Friday, March 11, 2011

Bellbirds












Some weeks ago Farm Stud and I had to drive to Sydney for his doctor's appointment.  The drive on the freeway from where we are to Sydney takes between 2.5 to 3 hours depending on traffic.  Sharing the road with us are trailers, huge things that are used to transport big items; tractors, houses (no, I'm not joking) which are "folded" to be assembled again at their destinations, chickens, cattle, etc.
Anyway, as some of these huge vehicles were passing us by, I thought I had heard loud squeaks (we had the windows down) thinking and worrying that one of the wheels of these trailers were about to fall off when Farm Stud said "Bellbirds".

Tractor-chick:  What?
Farm Stud:  Bellbirds
Tractor-chick:  What's that?
Farm Stud:  The sound in the trees passing us by.
Tractor-chick:  But it sounds like squeaks.
Farm Stud:  No, they're bellbirds.

Farm Stud decides to break into poetry just then!  Here I was still trying to understand what he was talking about until I realized the "squeaks" are actually the singing of birds known as Bellbirds.  I learnt that Henry Kendall, who lived in the 1800s wrote a poem about Bellbirds in 1869. 

A little bit about these Bellbirds:

Bellbirds by Henry Kendall is one of Australia's best loved poems, and almost every Australian has at one time or another heard or repeated its melodic phrases, so evocative of the cool, dim blue and green of the Australian mountain country. This poem was first published in a work entitled "Leaves from Australian Forests" by Henry Kendall in the year of 1869.
ImageOfWaterFallFromRick The bellbird itself is a very small greyish bird. Its call or melody is simply one singular chiming note which seems to ring through their environmental habitat - the mountains and their foothills of Eastern Australia. They may be heard clearly in the quietness of the mountains and hills, although are rarely seen, unless an attitude of patience is adopted.
It is clear that to Henry Kendall, the mountains were a place of refuge and beauty. The Australian mountains are concentrated in a reasonable narrow band known as the "Great Dividing Range" which runs from the tip of Cape York in the north, down the eastern coast - over 3000 kms - through the Snowy and all the way to the Dandenongs in Victoria, and no doubt the same range extends under the Bass Straight and down into the wilderness areas of Tasmania.
The nature of the mountain lands is captured here in the poetry of Henry Kendall and it is equally clear that this nature is not restricted to Australia, but extends to all the planetary mountain lands and the refuges they afford to those who would journey therein in search of peace, harmony and the chance to experience the natural world.

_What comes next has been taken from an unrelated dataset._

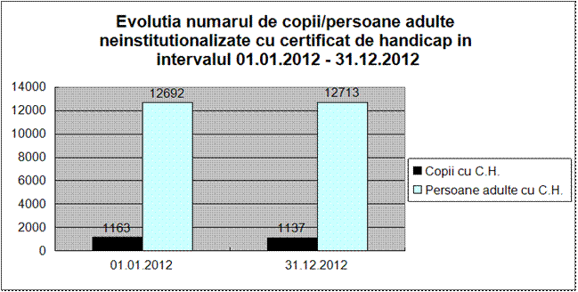 - În ceea ce priveşte evaluarea complexă a copilului cu handicap, au fost reevaluate şi evaluate în anul 2012 un număr de 1407 cazuri (168 cazuri noi). Dintre acestea, 817 s-au încadrat în gradul de handicap grav, 287 handicap accentuat, 278 handicap mediu şi 13 handicap uşor, iar 13 nu s-au încadrat.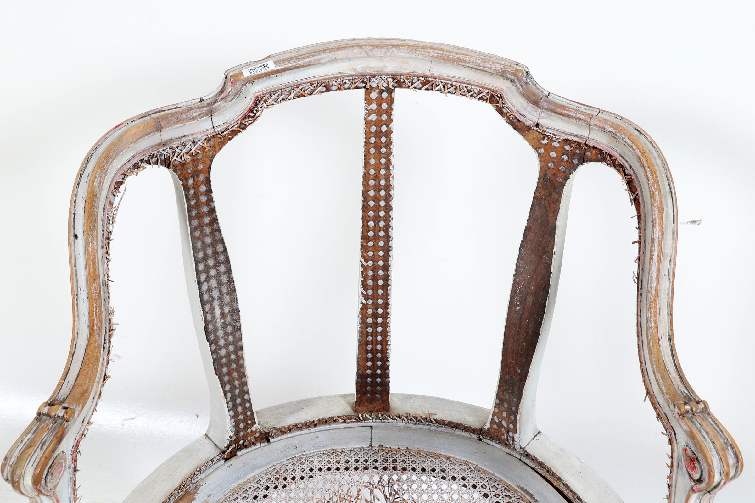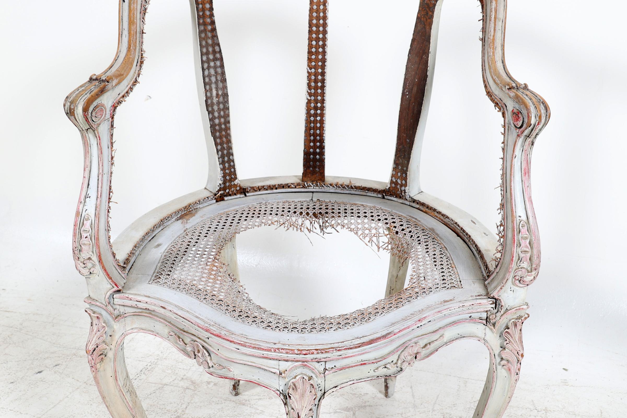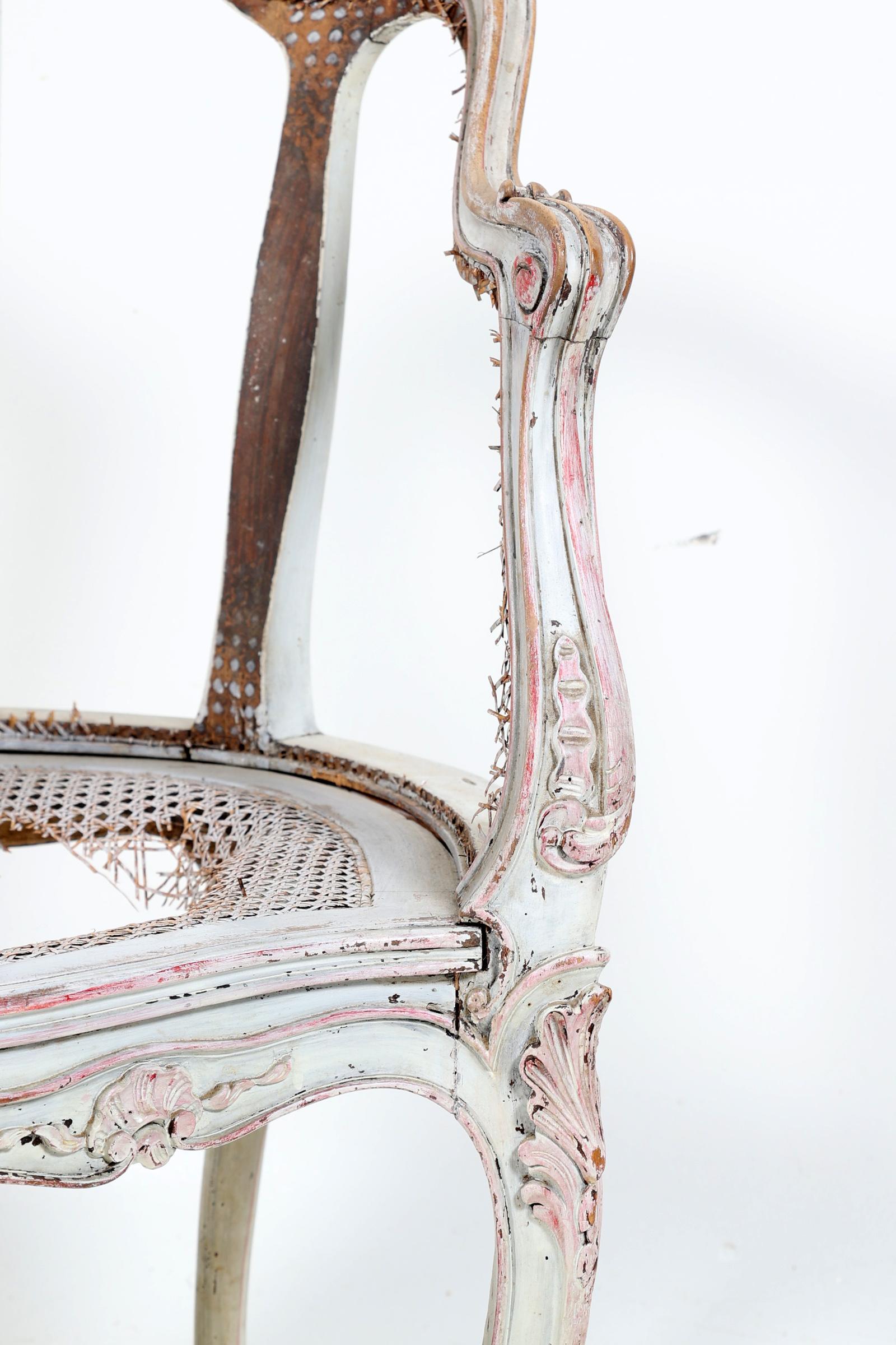 Wit gelakte Louis XV armfauteuil voorheen met webbing zitting en rugleuning (restauratie object)

To hear what they sound like - it's mesmerising to the point that I keep my ears open whenever we are driving past locations with dense forest - visit the youtube address: http://www.youtube.com/watch?v=_72WGRT0mJw


The poem:

BELLBIRDS - By Henry Kendall

By channels of coolness the echoes are calling,
And down the dim gorges I hear the creek falling:
 It lives in the mountain where moss and the sedges
Touch with their beauty the banks and the ledges.
Through breaks of the cedar and sycamore bowers
Struggles the light that is love to the flowers;
And, softer than slumber, and sweeter than singing,
The notes of the bell-birds are running and ringing.

The silver-voiced bell birds, the darlings of daytime!
They sing in September their songs of the May-time;
When shadows wax strong, and the thunder bolts hurtle,
They hide with their fear in the leaves of the myrtle;
When rain and the sunbeams shine mingled together,
They start up like fairies that follow fair weather;
And straightway the hues of their feathers unfolden
Are the green and the purple, the blue and the golden.

October, the maiden of bright yellow tresses,
Loiters for love in these cool wildernesses;
Loiters, knee-deep, in the grasses, to listen,
Where dripping rocks gleam and the leafy pools glisten.
Then is the time when the water-moons splendid
Break with their gold, and are scattered or blended
Over the creeks, till the woodlands have warning
Of songs of the bell-bird and wings of the Morning.

Welcome as waters unkissed by the summers
Are the voices of bell-birds to the thirsty far-comers.
When fiery December sets foot in the forest,
And the need of the wayfarer presses the sorest,
Pent in the ridges for ever and ever
The bell-birds direct him to spring and to river,
With ring and with ripple, like runnels who torrents
Are toned by the pebbles and the leaves in the currents.

Often I sit, looking back to a childhood,
Mixt with the sights and the sounds of the wildwood,
Longing for power and the sweetness to fashion,
Lyrics with beats like the heart-beats of Passion;
Songs interwoven of lights and of laughters
Borrowed from bell-birds in far forest-rafters;
So I might keep in the city and alleys
The beauty and strength of the deep mountain valleys:
Charming to slumber the pain of my losses
With glimpses of creeks and a vision of mosses.

THE END - One of Australia's treasures to behold!